Llama 4 ships open weights — and the math finally favors self-hosting

Meta's Llama 4 70B and 405B are out. With API prices flat-to-rising, the breakeven point for self-hosting has shifted meaningfully.

What's in the box

Llama 4 70B and 405B, both with permissive license (Meta's usual community license — commercial use OK below 700M MAU).
Mixture-of-experts variant (LLama-4-Scout-17B active / 109B total) at the small end.
256k context on the 70B, 1M on the 405B.
Native tool-use training; performs comparably to closed-source mid-tier models on common benchmarks.

The economics now

For a single H100 serving Llama 4 70B at 4-bit quantization with vLLM, throughput is ~80 tokens/sec under modest load. At ~$2/hr cloud cost, that's roughly $0.07 per 1M tokens — about 50× cheaper than frontier-model API pricing.

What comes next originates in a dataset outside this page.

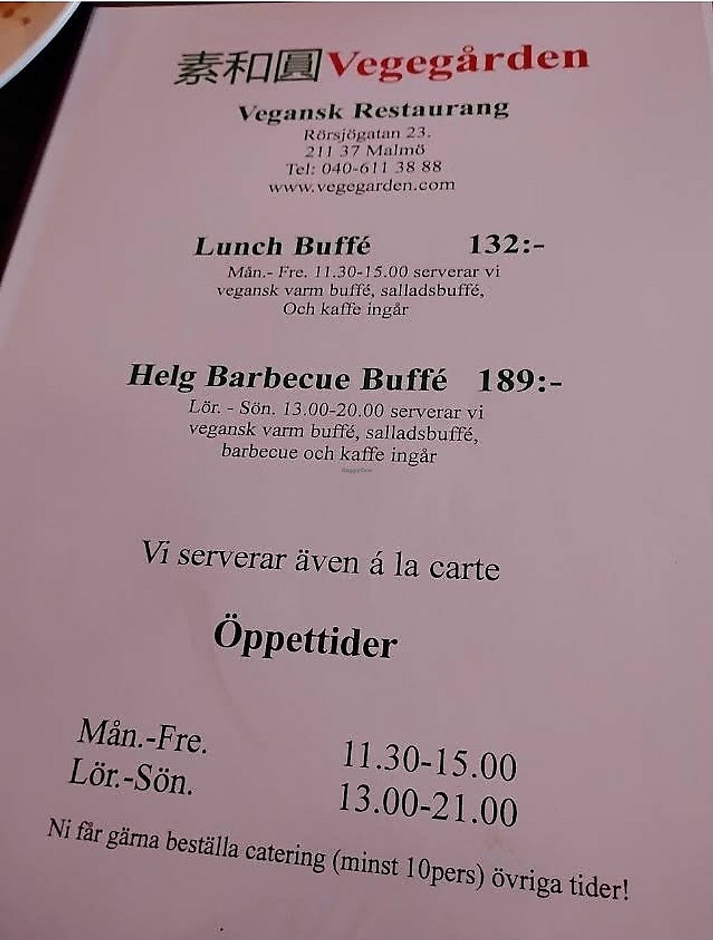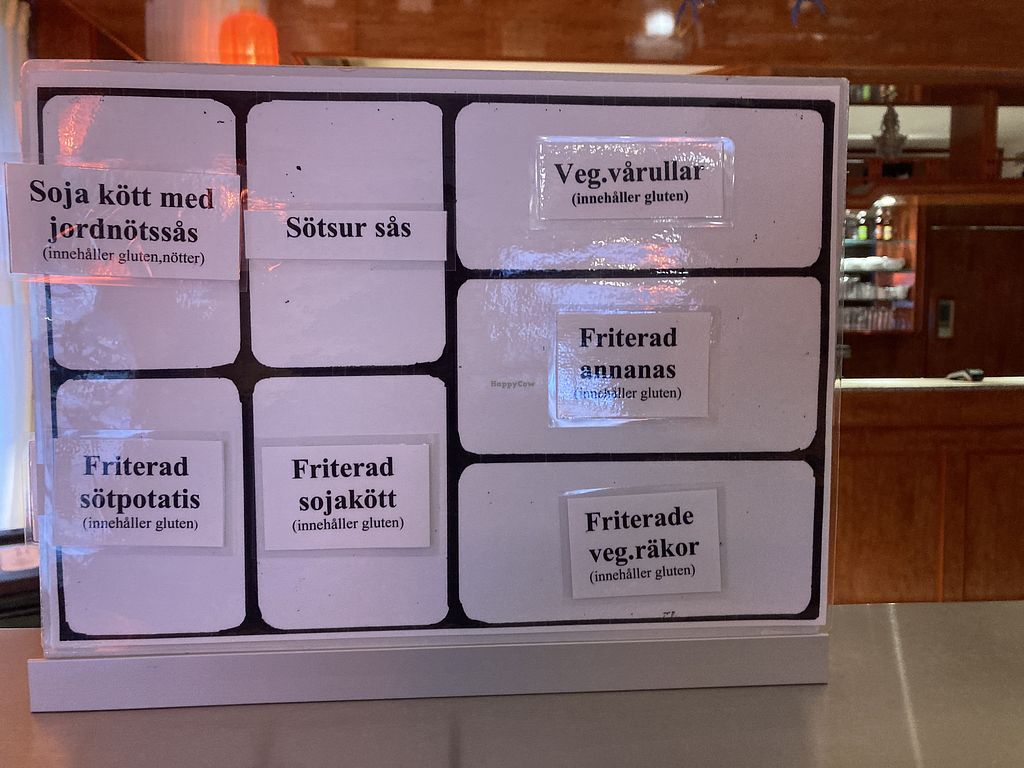 Asian style vegan food. Lunch time is buffet. Reported fully vegan as of 2010. Accepts cash payments. Please note that many businesses in Sweden are cashless. Open Mon-Fri 11:30-15:00, Sat-Sun 13:00-21:00.

The breakeven vs Sonnet-tier APIs at typical workloads is now around 30k requests/day. Below that, APIs win on ops simplicity. Above that, self-hosting Llama 4 is genuinely competitive.

What to actually do

Run a 1-week shadow eval comparing your prompts on Llama 4 vs your current API.
If quality is within 5% on your eval set and volume is non-trivial, build a self-host POC.
Don't self-host as a religious choice. The ops cost is real.